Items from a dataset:
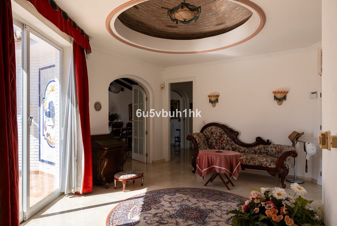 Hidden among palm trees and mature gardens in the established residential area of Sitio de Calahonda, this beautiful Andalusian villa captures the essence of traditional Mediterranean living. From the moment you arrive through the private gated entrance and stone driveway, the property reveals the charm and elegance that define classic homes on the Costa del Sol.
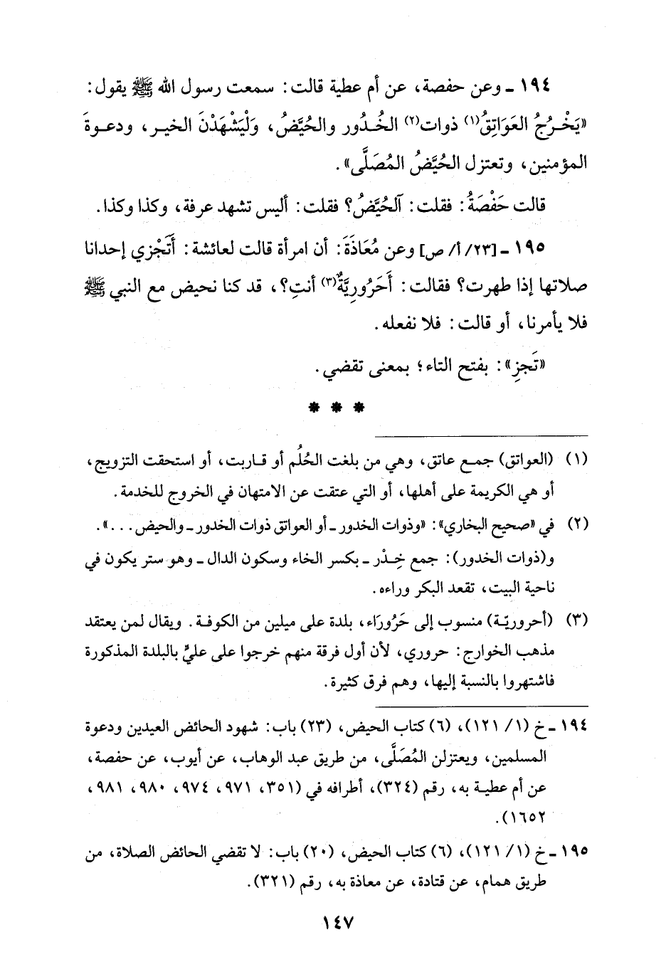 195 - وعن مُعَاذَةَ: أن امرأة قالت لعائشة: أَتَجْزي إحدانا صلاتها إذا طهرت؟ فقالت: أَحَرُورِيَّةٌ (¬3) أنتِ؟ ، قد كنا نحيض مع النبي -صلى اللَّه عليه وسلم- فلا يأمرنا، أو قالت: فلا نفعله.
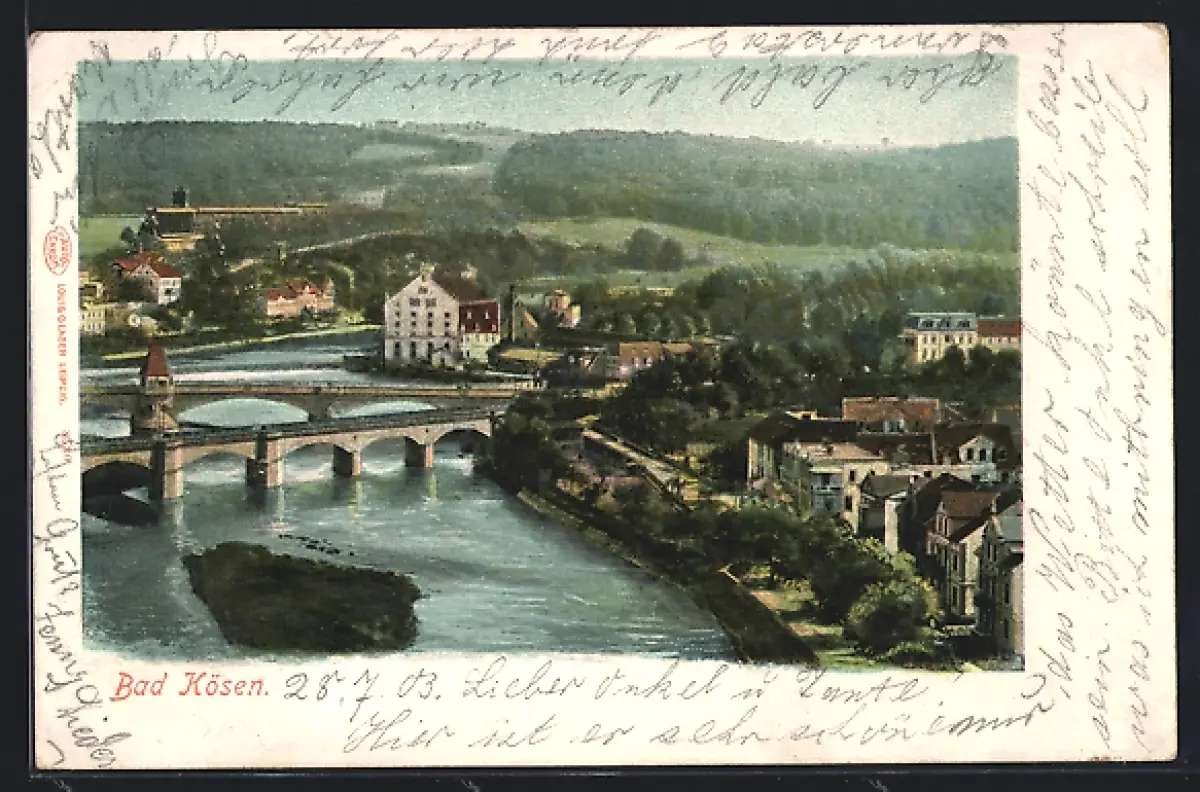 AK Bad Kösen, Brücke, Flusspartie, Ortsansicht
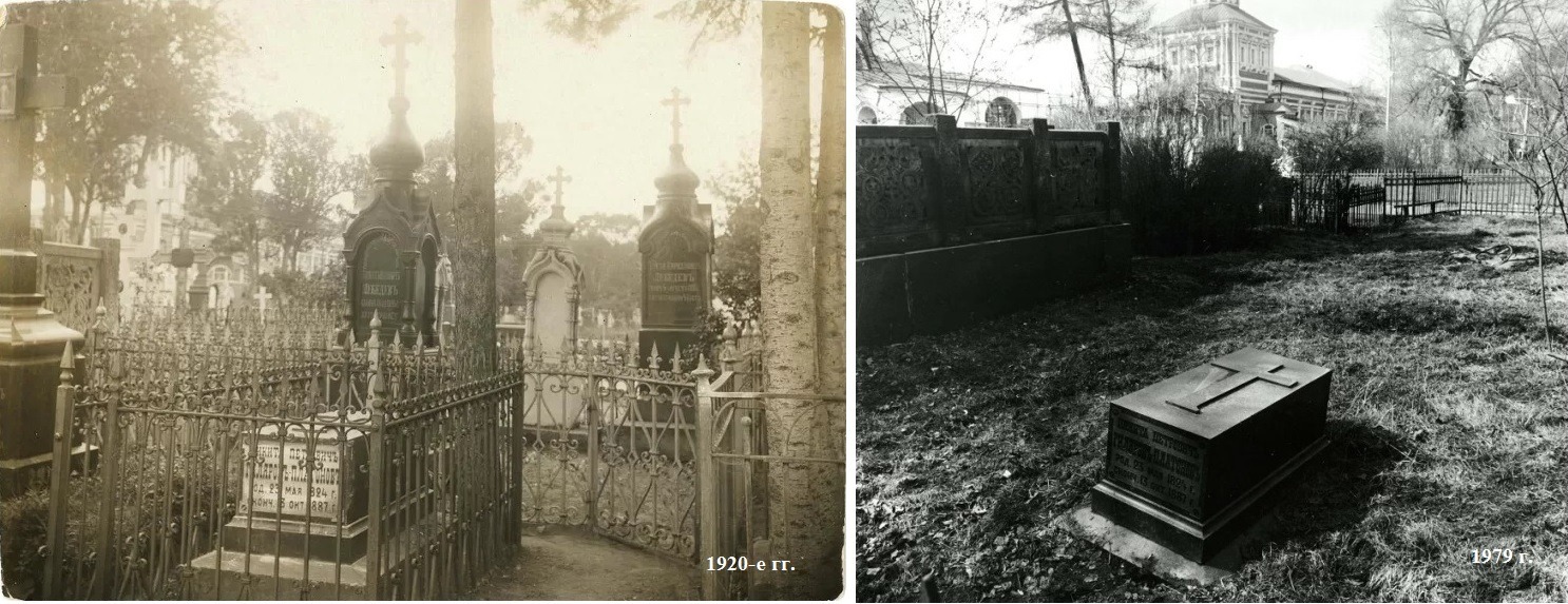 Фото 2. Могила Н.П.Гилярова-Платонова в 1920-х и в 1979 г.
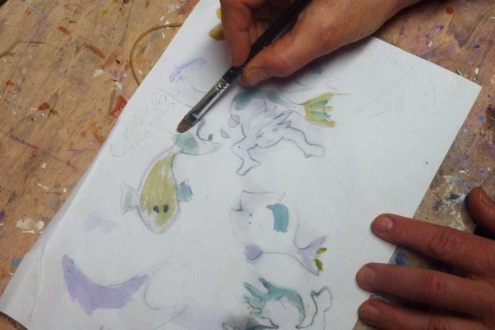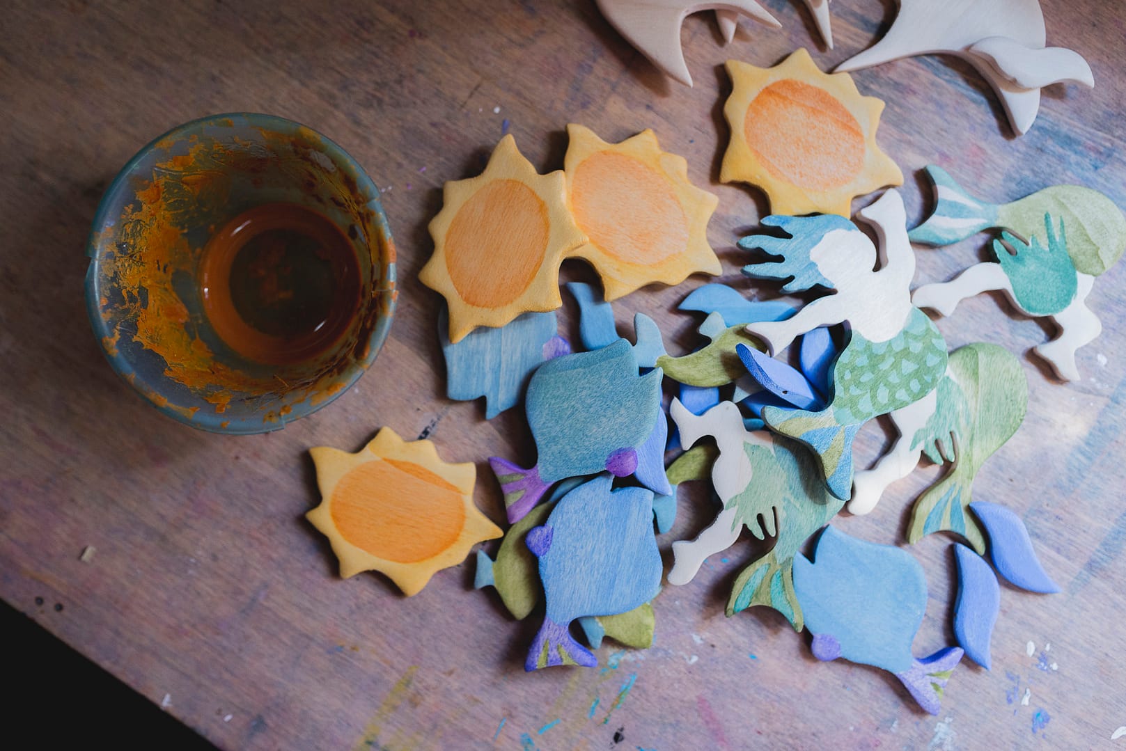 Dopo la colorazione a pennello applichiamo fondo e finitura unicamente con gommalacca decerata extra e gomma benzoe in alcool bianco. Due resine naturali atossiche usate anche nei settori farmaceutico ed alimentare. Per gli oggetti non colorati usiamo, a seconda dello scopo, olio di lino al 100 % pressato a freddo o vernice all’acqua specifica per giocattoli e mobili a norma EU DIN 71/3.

(TASK BRIEF): Extract exactly the lines above from the line containing "Фото 2. Могила" through the last one, both ends included, but not the pictures.

(RESPONSE TO THE EXERCISE):
 Фото 2. Могила Н.П.Гилярова-Платонова в 1920-х и в 1979 г.
 Dopo la colorazione a pennello applichiamo fondo e finitura unicamente con gommalacca decerata extra e gomma benzoe in alcool bianco. Due resine naturali atossiche usate anche nei settori farmaceutico ed alimentare. Per gli oggetti non colorati usiamo, a seconda dello scopo, olio di lino al 100 % pressato a freddo o vernice all’acqua specifica per giocattoli e mobili a norma EU DIN 71/3.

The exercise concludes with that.